**EXTRACTED DATA:**
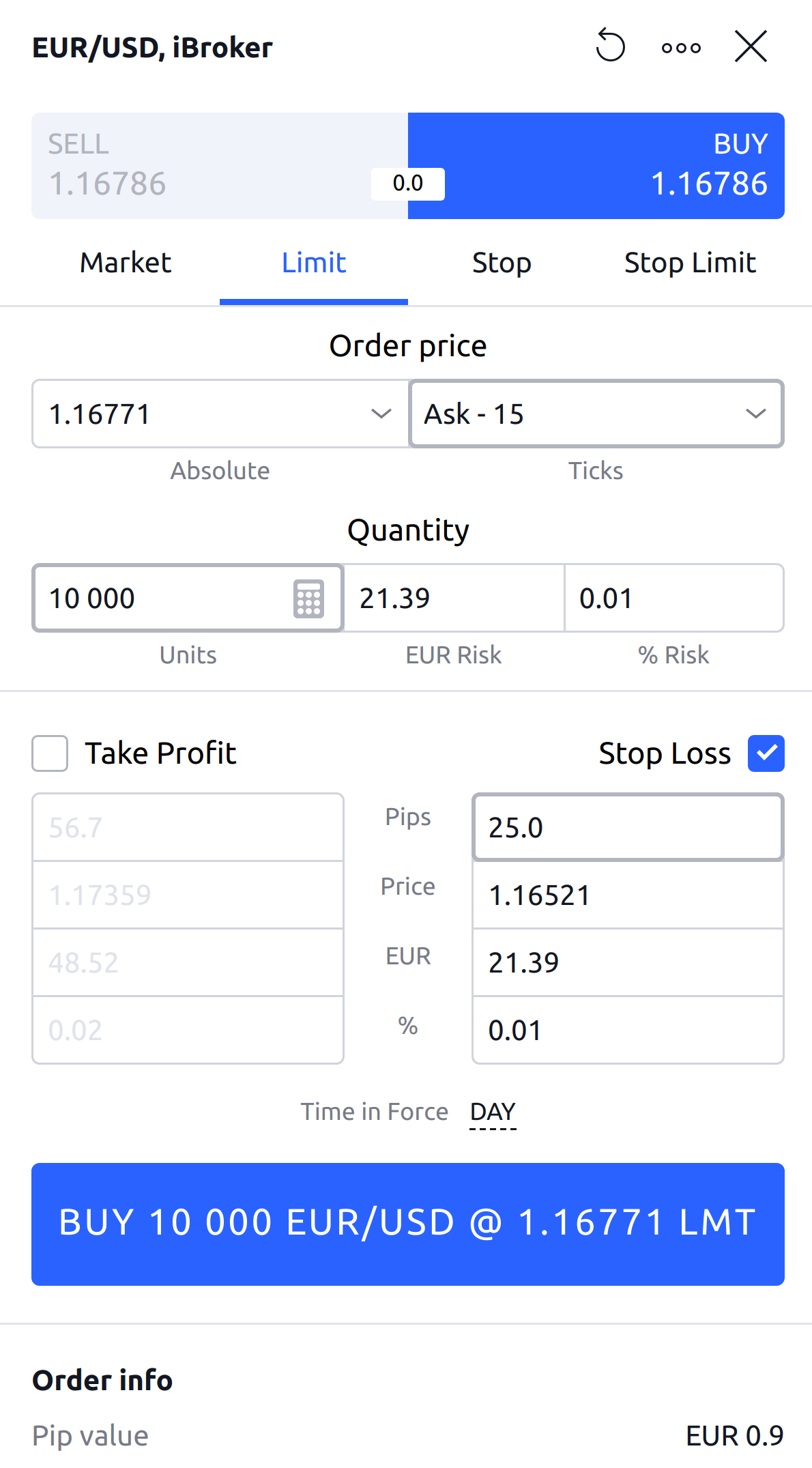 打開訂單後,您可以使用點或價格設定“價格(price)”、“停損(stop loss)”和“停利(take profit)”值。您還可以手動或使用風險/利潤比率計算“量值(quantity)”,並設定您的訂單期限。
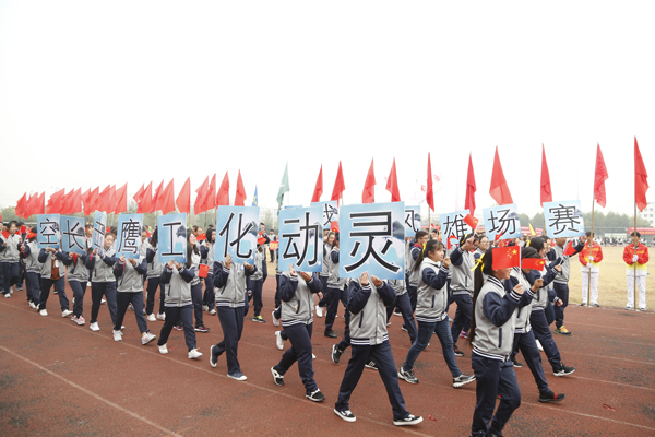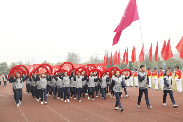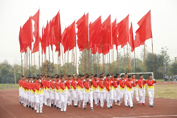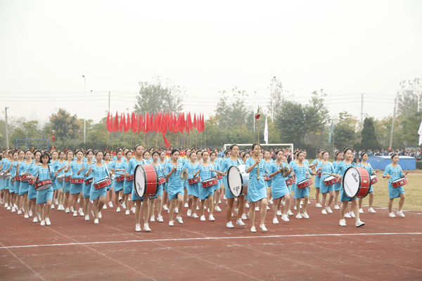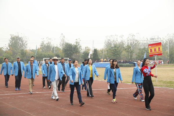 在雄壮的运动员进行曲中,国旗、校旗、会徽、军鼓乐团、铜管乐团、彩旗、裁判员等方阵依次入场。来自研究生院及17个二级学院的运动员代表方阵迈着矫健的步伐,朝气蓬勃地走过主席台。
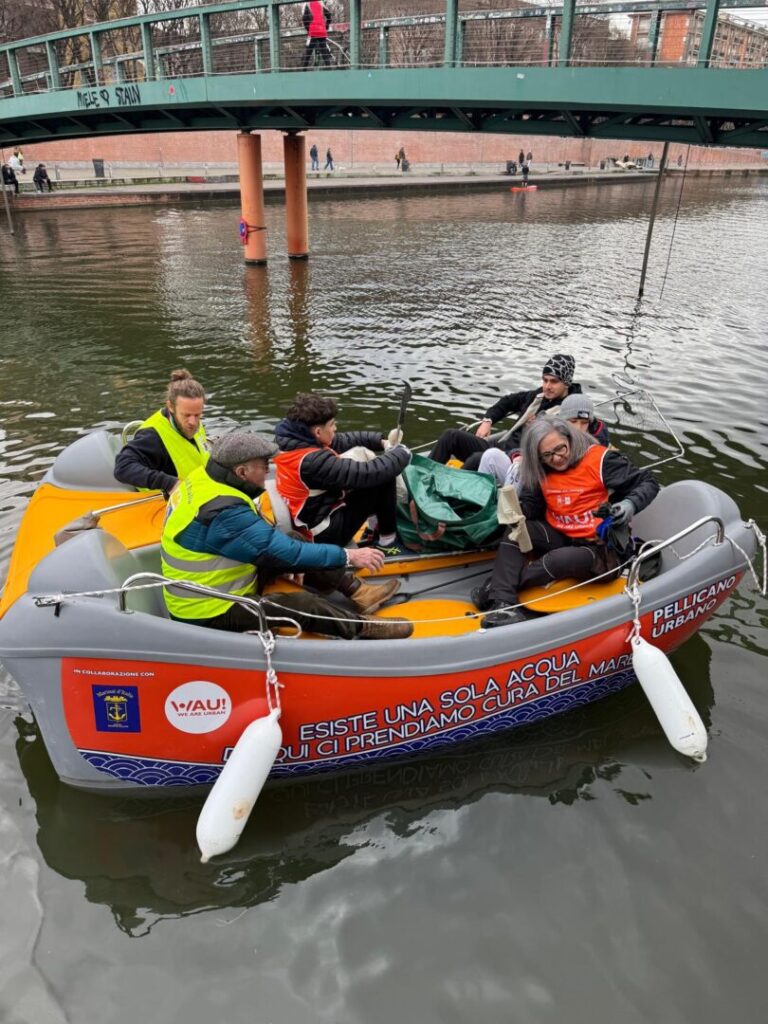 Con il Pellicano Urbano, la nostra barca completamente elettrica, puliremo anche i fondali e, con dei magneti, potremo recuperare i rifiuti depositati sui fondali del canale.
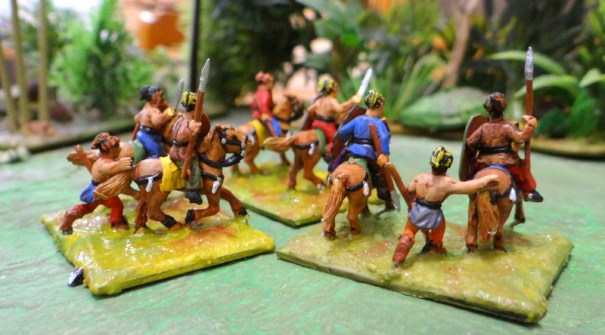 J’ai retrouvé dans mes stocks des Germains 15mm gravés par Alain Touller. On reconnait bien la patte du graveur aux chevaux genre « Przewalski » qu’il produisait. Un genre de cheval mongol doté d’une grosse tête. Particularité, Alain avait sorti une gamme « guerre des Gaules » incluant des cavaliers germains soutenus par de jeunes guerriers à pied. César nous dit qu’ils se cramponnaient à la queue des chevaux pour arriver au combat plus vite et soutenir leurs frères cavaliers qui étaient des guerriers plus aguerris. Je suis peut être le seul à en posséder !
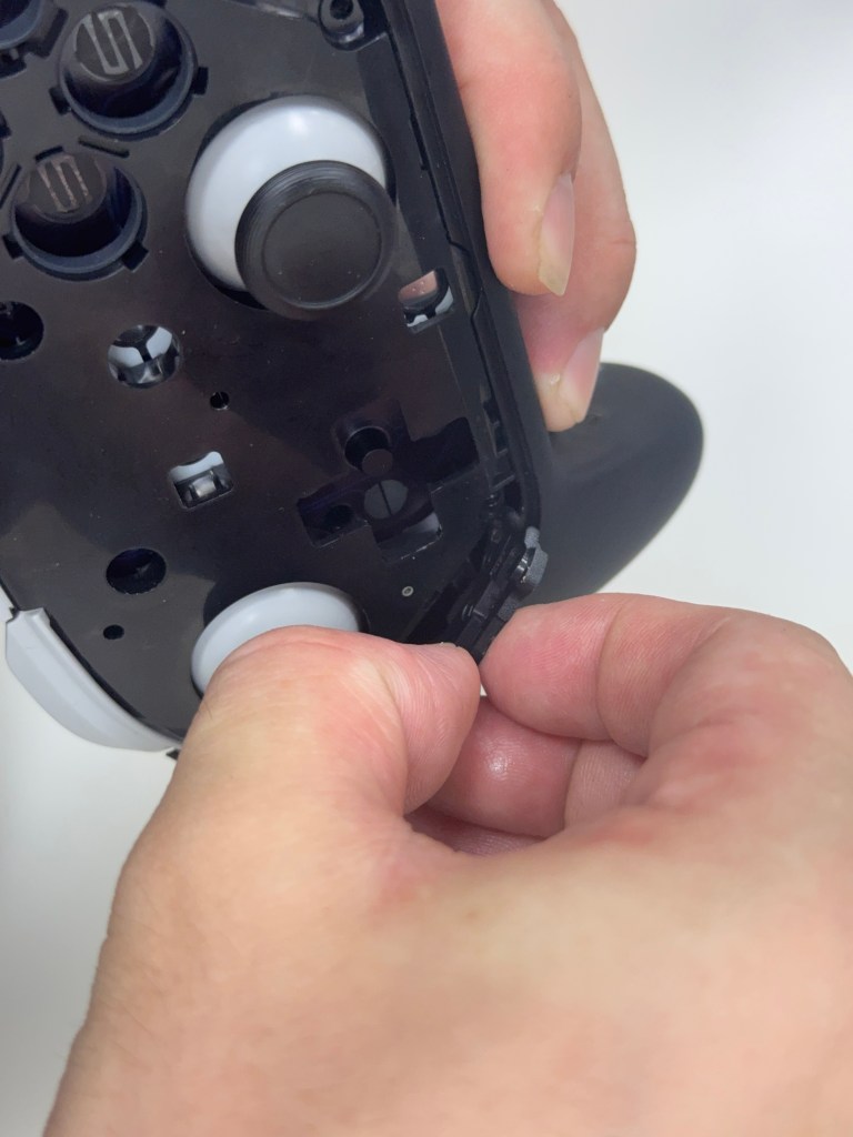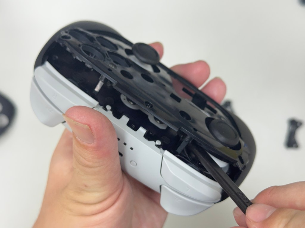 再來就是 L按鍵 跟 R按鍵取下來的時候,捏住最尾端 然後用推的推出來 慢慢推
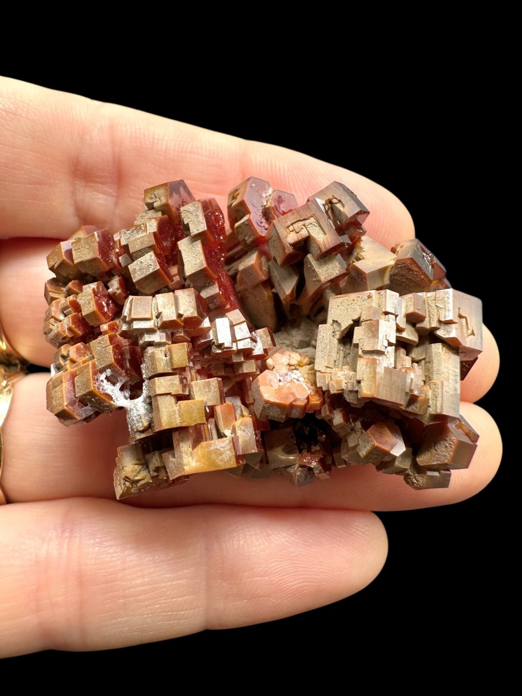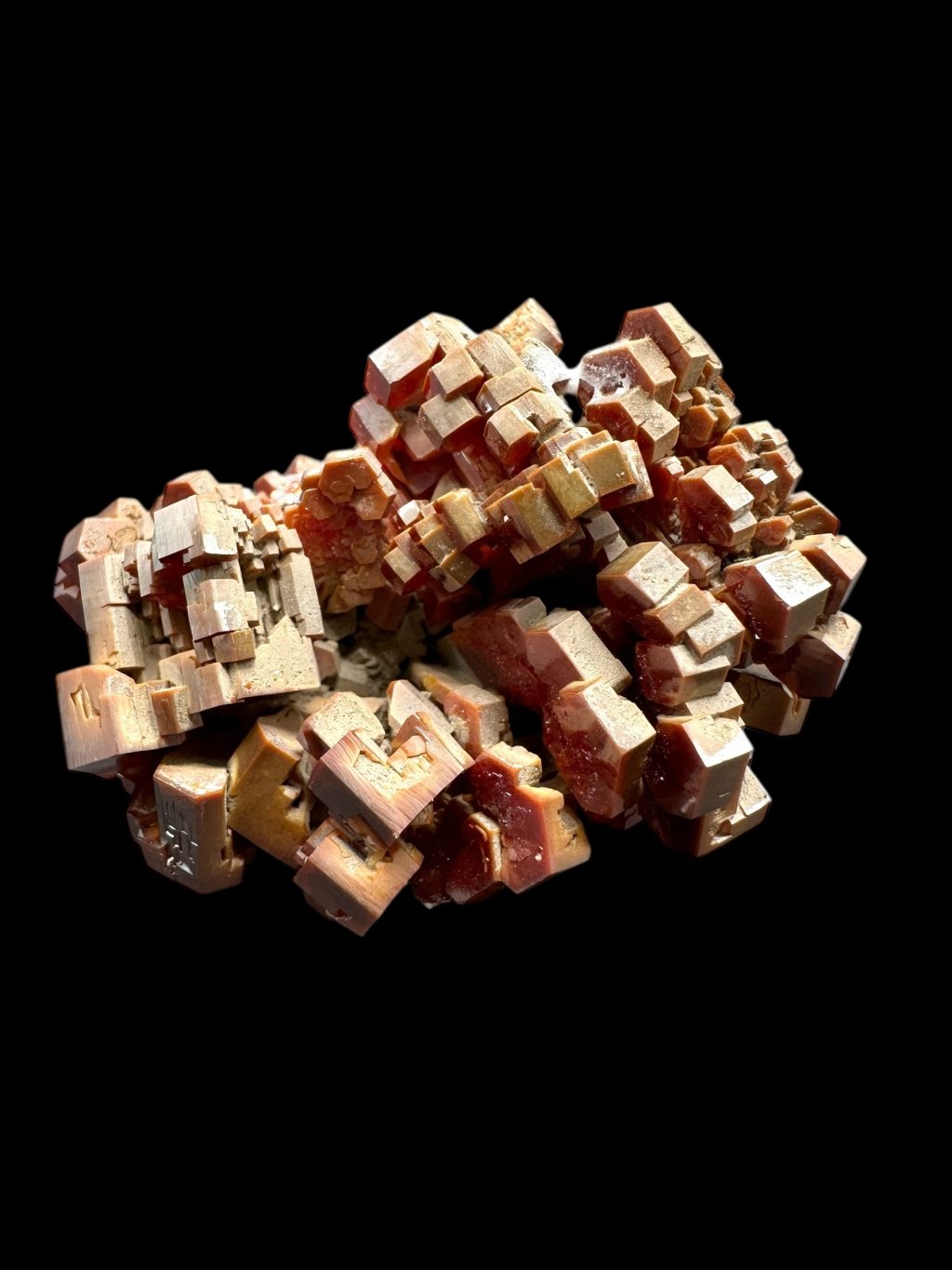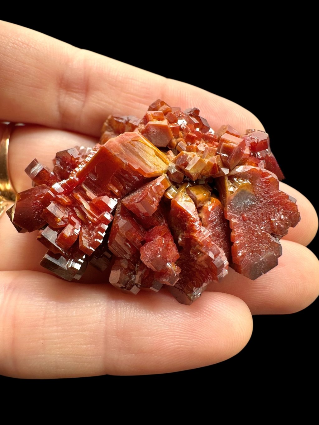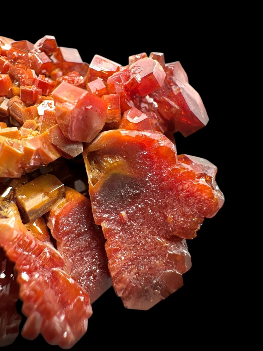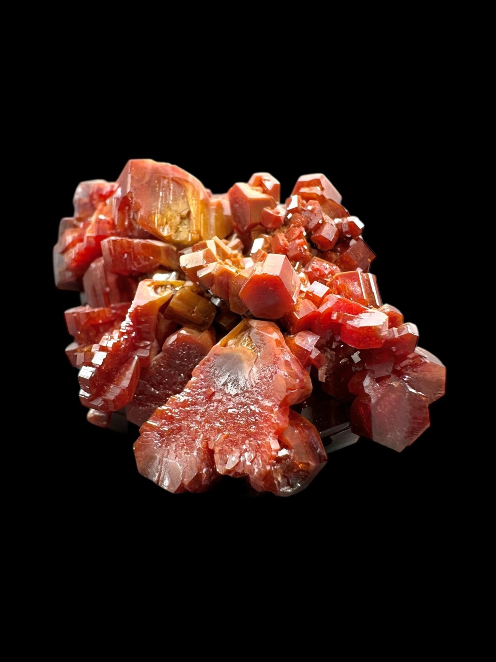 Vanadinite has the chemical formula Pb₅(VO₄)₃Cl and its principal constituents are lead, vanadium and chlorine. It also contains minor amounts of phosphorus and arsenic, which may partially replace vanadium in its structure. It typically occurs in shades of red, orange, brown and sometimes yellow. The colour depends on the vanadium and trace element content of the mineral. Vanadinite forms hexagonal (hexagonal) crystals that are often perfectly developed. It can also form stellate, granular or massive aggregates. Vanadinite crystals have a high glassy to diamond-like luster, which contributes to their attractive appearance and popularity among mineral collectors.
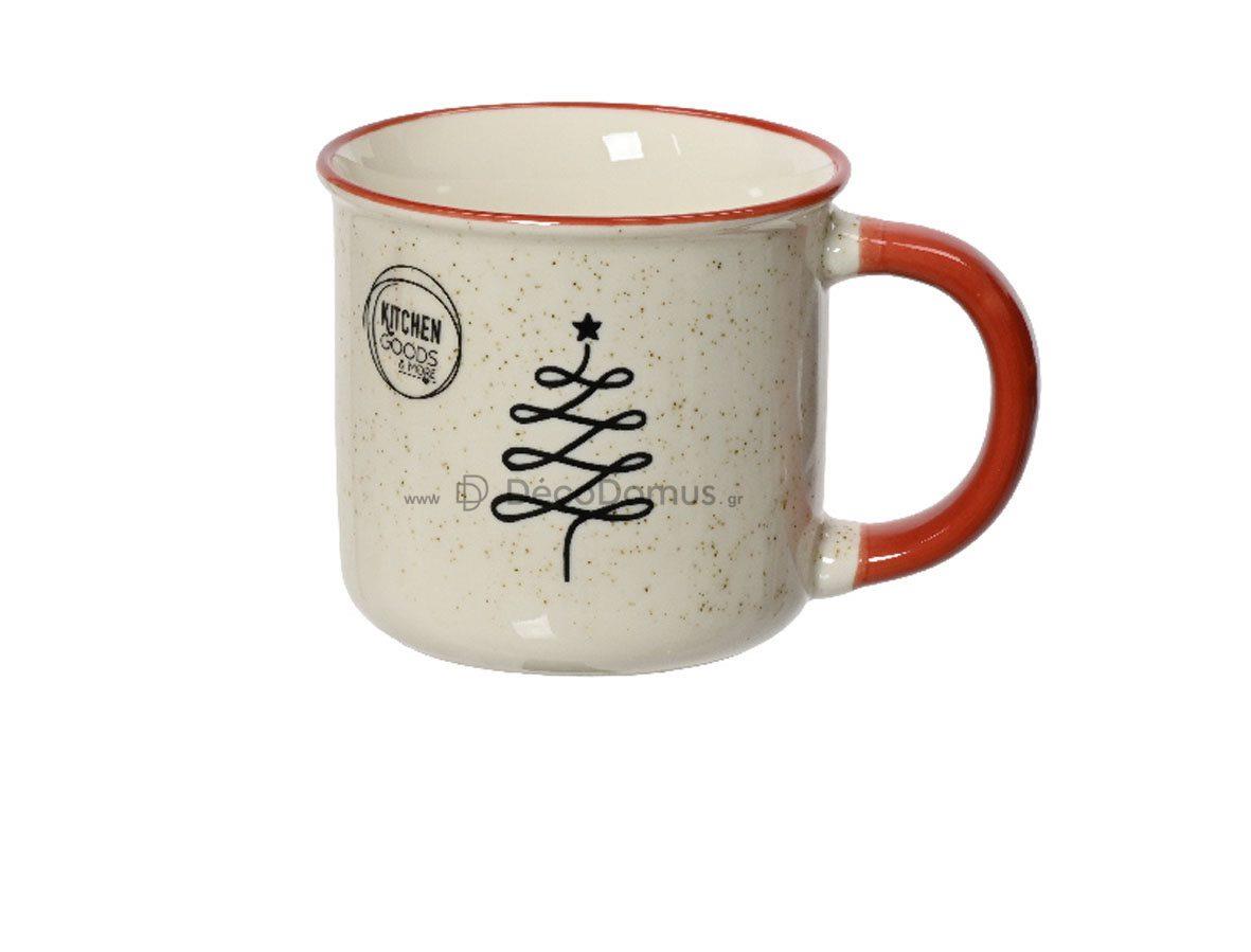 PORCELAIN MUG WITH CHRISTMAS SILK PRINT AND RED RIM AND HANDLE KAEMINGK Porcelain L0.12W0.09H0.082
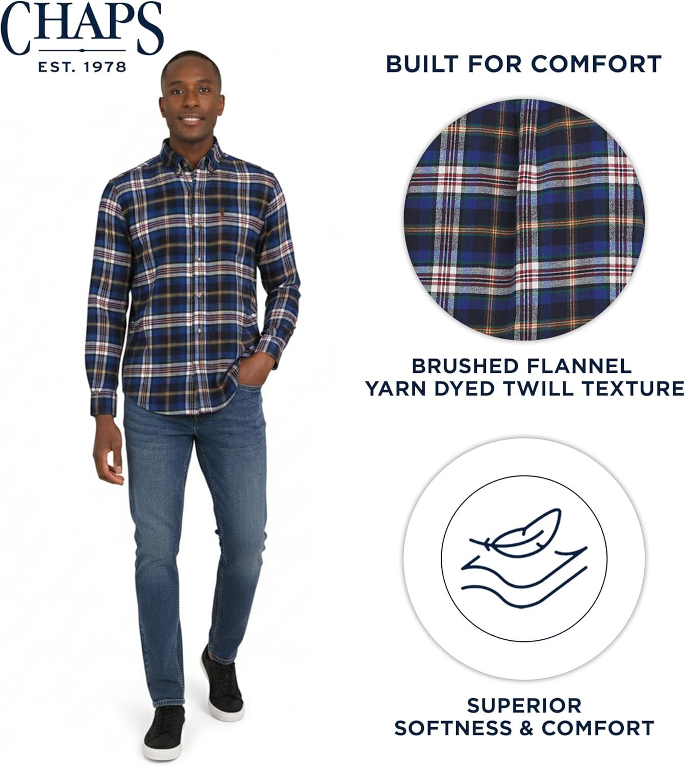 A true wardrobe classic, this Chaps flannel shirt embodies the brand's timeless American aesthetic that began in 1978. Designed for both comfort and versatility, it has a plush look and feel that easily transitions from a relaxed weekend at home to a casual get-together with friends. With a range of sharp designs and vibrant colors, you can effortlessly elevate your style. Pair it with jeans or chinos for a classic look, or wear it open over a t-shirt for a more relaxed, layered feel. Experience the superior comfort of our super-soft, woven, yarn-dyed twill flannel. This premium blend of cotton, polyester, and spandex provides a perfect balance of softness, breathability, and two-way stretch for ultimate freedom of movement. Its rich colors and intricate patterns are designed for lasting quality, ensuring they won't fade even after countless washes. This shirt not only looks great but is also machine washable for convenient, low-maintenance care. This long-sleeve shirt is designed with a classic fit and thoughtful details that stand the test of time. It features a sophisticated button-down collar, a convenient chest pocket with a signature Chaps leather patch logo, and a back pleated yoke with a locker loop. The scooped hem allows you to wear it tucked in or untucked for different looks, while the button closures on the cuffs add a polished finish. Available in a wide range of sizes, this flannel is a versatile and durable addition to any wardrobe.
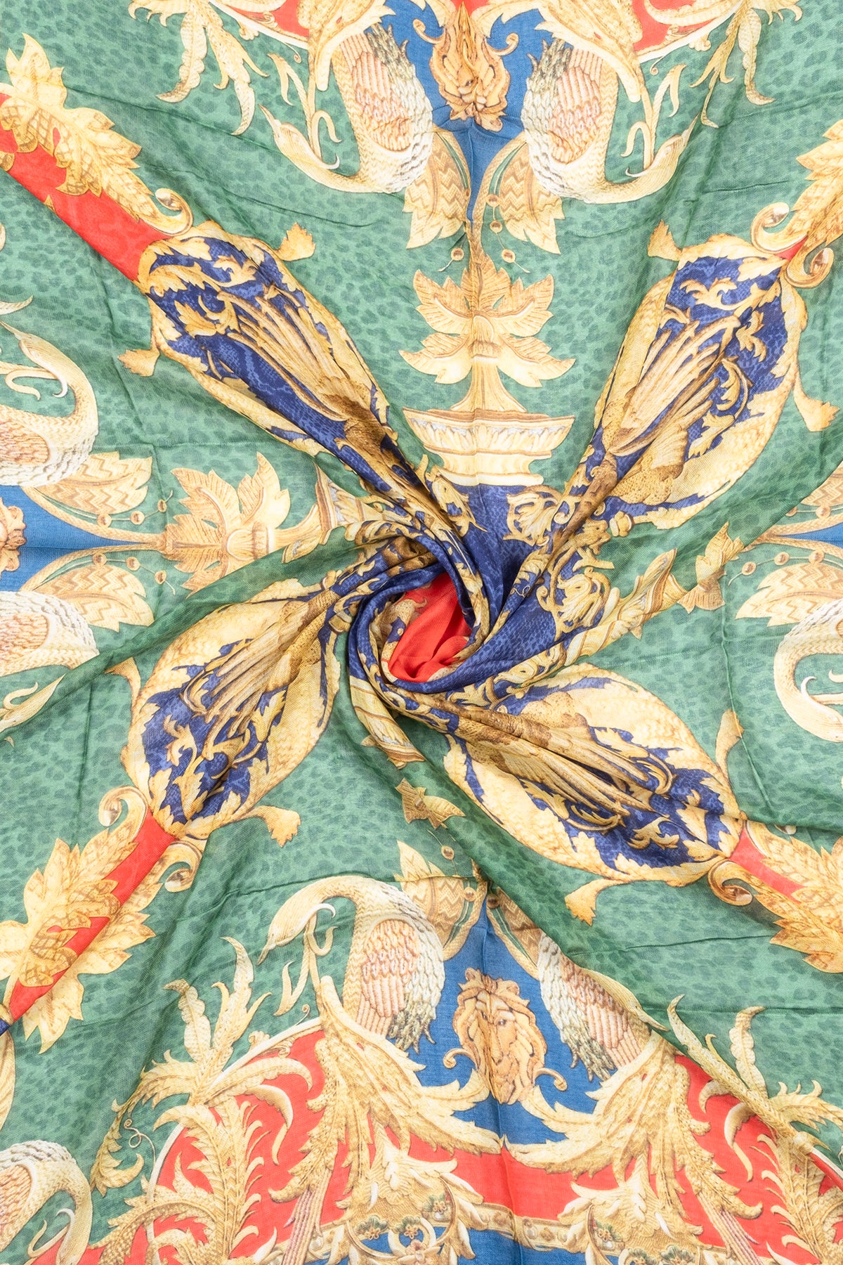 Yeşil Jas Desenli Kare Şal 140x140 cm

**WORK TO COMPLETE:** Would you print all the entries again exactly, minus any pictures?

**EXERCISE ANSWER:**
 打開訂單後,您可以使用點或價格設定“價格(price)”、“停損(stop loss)”和“停利(take profit)”值。您還可以手動或使用風險/利潤比率計算“量值(quantity)”,並設定您的訂單期限。
 在雄壮的运动员进行曲中,国旗、校旗、会徽、军鼓乐团、铜管乐团、彩旗、裁判员等方阵依次入场。来自研究生院及17个二级学院的运动员代表方阵迈着矫健的步伐,朝气蓬勃地走过主席台。
 Con il Pellicano Urbano, la nostra barca completamente elettrica, puliremo anche i fondali e, con dei magneti, potremo recuperare i rifiuti depositati sui fondali del canale.
 J’ai retrouvé dans mes stocks des Germains 15mm gravés par Alain Touller. On reconnait bien la patte du graveur aux chevaux genre « Przewalski » qu’il produisait. Un genre de cheval mongol doté d’une grosse tête. Particularité, Alain avait sorti une gamme « guerre des Gaules » incluant des cavaliers germains soutenus par de jeunes guerriers à pied. César nous dit qu’ils se cramponnaient à la queue des chevaux pour arriver au combat plus vite et soutenir leurs frères cavaliers qui étaient des guerriers plus aguerris. Je suis peut être le seul à en posséder !
 再來就是 L按鍵 跟 R按鍵取下來的時候,捏住最尾端 然後用推的推出來 慢慢推
 Vanadinite has the chemical formula Pb₅(VO₄)₃Cl and its principal constituents are lead, vanadium and chlorine. It also contains minor amounts of phosphorus and arsenic, which may partially replace vanadium in its structure. It typically occurs in shades of red, orange, brown and sometimes yellow. The colour depends on the vanadium and trace element content of the mineral. Vanadinite forms hexagonal (hexagonal) crystals that are often perfectly developed. It can also form stellate, granular or massive aggregates. Vanadinite crystals have a high glassy to diamond-like luster, which contributes to their attractive appearance and popularity among mineral collectors.
 PORCELAIN MUG WITH CHRISTMAS SILK PRINT AND RED RIM AND HANDLE KAEMINGK Porcelain L0.12W0.09H0.082
 A true wardrobe classic, this Chaps flannel shirt embodies the brand's timeless American aesthetic that began in 1978. Designed for both comfort and versatility, it has a plush look and feel that easily transitions from a relaxed weekend at home to a casual get-together with friends. With a range of sharp designs and vibrant colors, you can effortlessly elevate your style. Pair it with jeans or chinos for a classic look, or wear it open over a t-shirt for a more relaxed, layered feel. Experience the superior comfort of our super-soft, woven, yarn-dyed twill flannel. This premium blend of cotton, polyester, and spandex provides a perfect balance of softness, breathability, and two-way stretch for ultimate freedom of movement. Its rich colors and intricate patterns are designed for lasting quality, ensuring they won't fade even after countless washes. This shirt not only looks great but is also machine washable for convenient, low-maintenance care. This long-sleeve shirt is designed with a classic fit and thoughtful details that stand the test of time. It features a sophisticated button-down collar, a convenient chest pocket with a signature Chaps leather patch logo, and a back pleated yoke with a locker loop. The scooped hem allows you to wear it tucked in or untucked for different looks, while the button closures on the cuffs add a polished finish. Available in a wide range of sizes, this flannel is a versatile and durable addition to any wardrobe.
 Yeşil Jas Desenli Kare Şal 140x140 cm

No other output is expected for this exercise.